> _Activity_
Could you copy exactly the lines below, beginning at the line with "ailu,1girl,long hair,solo,bare shoulders,red" and stopping after the line with "Жидкий ключ RUNWAY", with no pictures?

> _Data supplied_
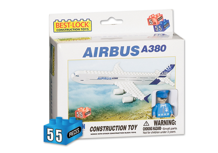 Airline construction block kit includes 55 pieces and is interchangeable with other leading brands. Ages 5+
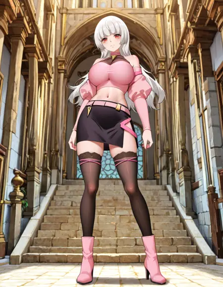 ailu,1girl,long hair,solo,bare shoulders,red eyes,white hair,large breasts,detached sleeves,pink shirt,crop top,midriff,long sleeves ,skirt,navel,black skirt,belt,high heel boots,miniskirt,black thighhighs,pink footwear
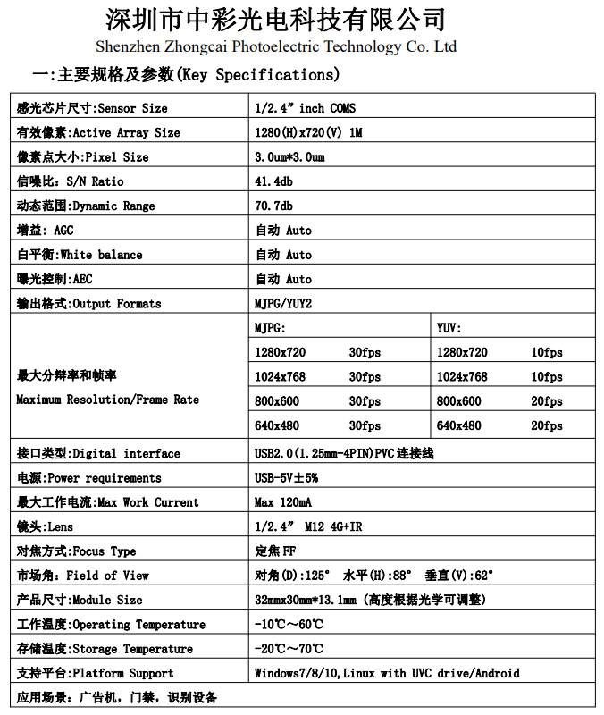 | 使用范围可视门铃,人脸识别,物体识别,监控拍照,指纹识别,掌纹识别,虹膜扫描 | 最高分辨率1280x720 |
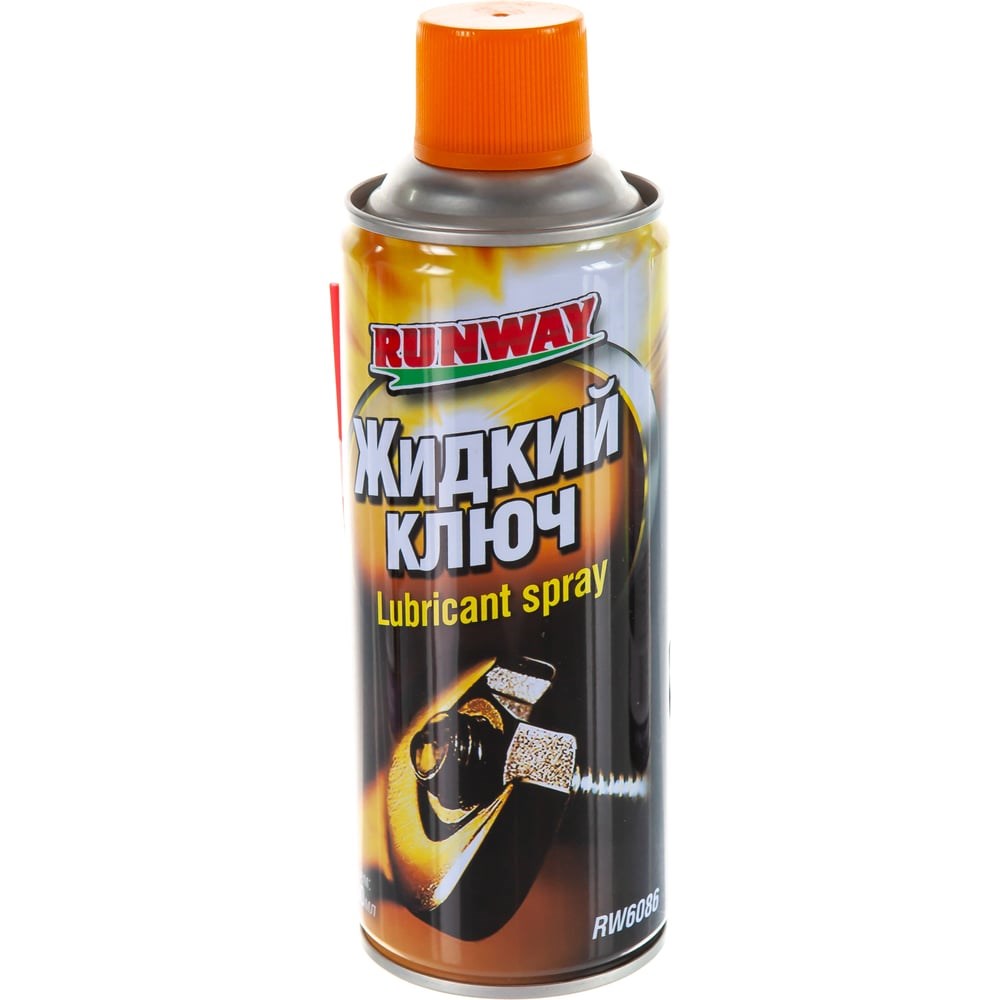 Жидкий ключ RUNWAY RW6086 аэрозоль, 400 мл 32655 быстро и эффективно разъединяет ржавые и прикипевшие резьбовые соединения. Продукт используют для смазки дверных замков, петель и крепежа. Состав вытесняет влагу, не испаряется и после высыхания образует защитную антикоррозионную пленку на поверхности металла.
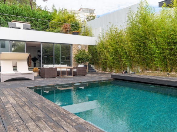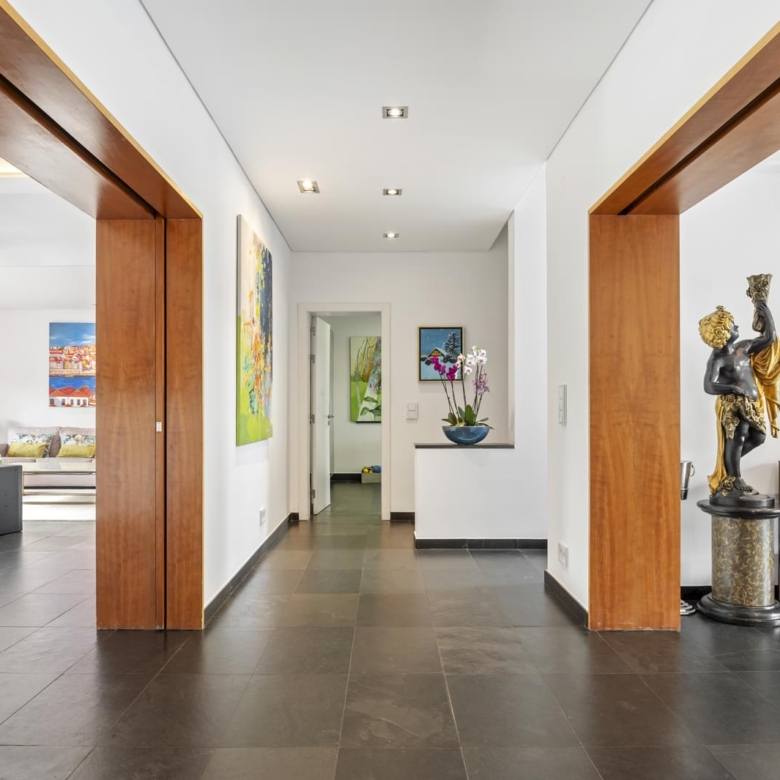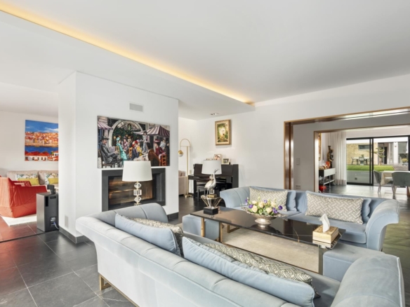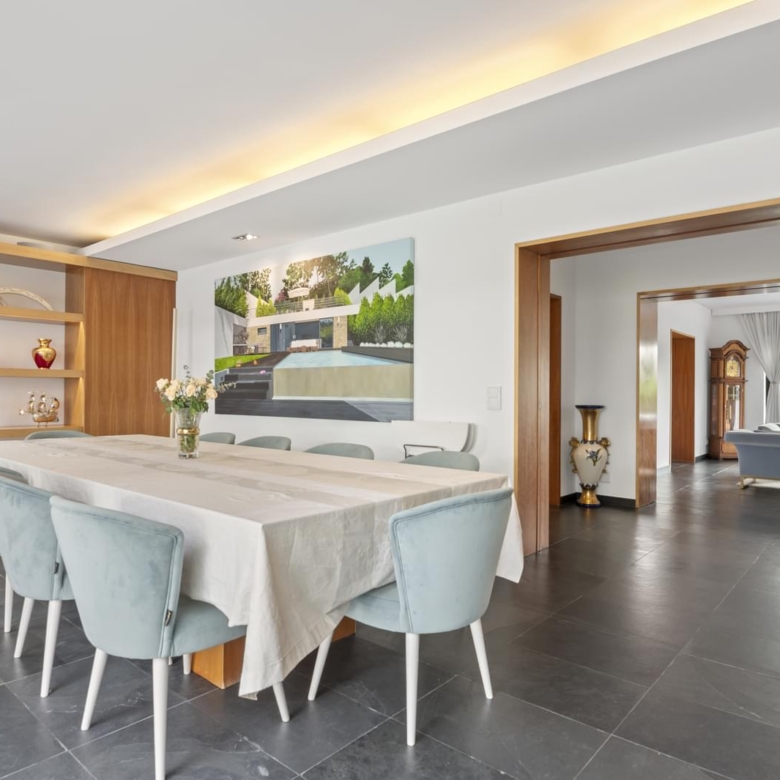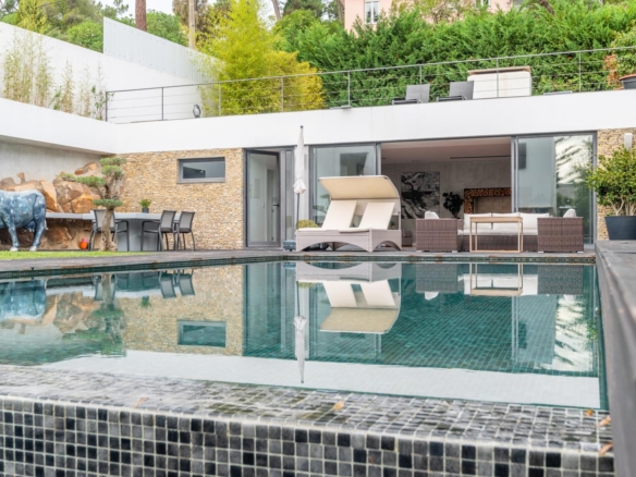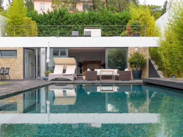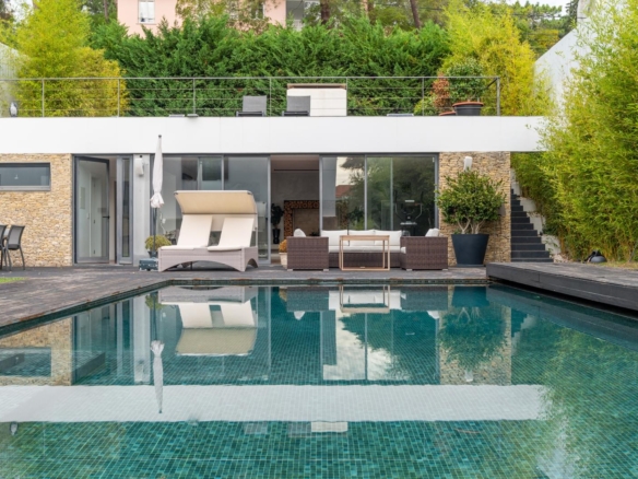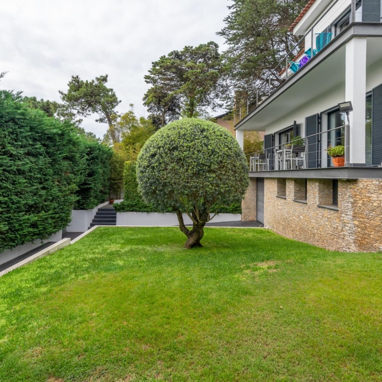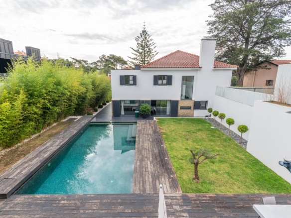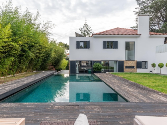 Villa with a privileged location in Estoril, in a quiet area, with a large dimensioned plot with more than 1,100 sqm and a 670 sqm construction area. It offers a balanced layout, features such as radiant floor heating and a heated swimming pool, making it a practical and comfortable choice. The distribution of the villa is as follows: Ground Floor - Living room with a double-sided fireplace allowing two environments. - Dining room. - Kitchen equipped with Gaggenau household appliances. - Library/ office. - Social bathroom Upper floor: - 4 bedrooms with 2 bathrooms - Master suite with closet and balcony. Floor -1: - Technical room. - Storage area. - Garage. - Additional suite. The property includes a spacious garden with a Summer Room that comprises a fireplace and a bathroom, and also a Turkish bath room, being ideal for relaxation and to support the swimming pool. This villa is perfect for a family and it is conveniently located near international schools. In addition, it offers easy accesses to Lisbon and it is placed in a premium area of Estoril. Porta da Frente Christie’s is a real estate agency that has been operating in the market for more than two decades. Its focus lays on the highest quality houses and developments, not only in the selling market, but also in the renting market. The company was elected by the prestigious brand Christie’s – one of the most reputable auctioneers, Art institutions and Real Estate of the world – to be represented in Portugal, in the areas of Lisbon, Cascais, Oeiras, Sintra and Alentejo. The main purpose of Porta da Frente Christie’s is to offer a top-notch service to our customers. Property ID: PDF-PF31630 Price: €4,950,000 Property Size: 558.56 m2 Land Area: 1169.0 m2 Bedrooms: 5 Bathrooms: 4

> _Exercise output_
 ailu,1girl,long hair,solo,bare shoulders,red eyes,white hair,large breasts,detached sleeves,pink shirt,crop top,midriff,long sleeves ,skirt,navel,black skirt,belt,high heel boots,miniskirt,black thighhighs,pink footwear
 | 使用范围可视门铃,人脸识别,物体识别,监控拍照,指纹识别,掌纹识别,虹膜扫描 | 最高分辨率1280x720 |
 Жидкий ключ RUNWAY RW6086 аэрозоль, 400 мл 32655 быстро и эффективно разъединяет ржавые и прикипевшие резьбовые соединения. Продукт используют для смазки дверных замков, петель и крепежа. Состав вытесняет влагу, не испаряется и после высыхания образует защитную антикоррозионную пленку на поверхности металла.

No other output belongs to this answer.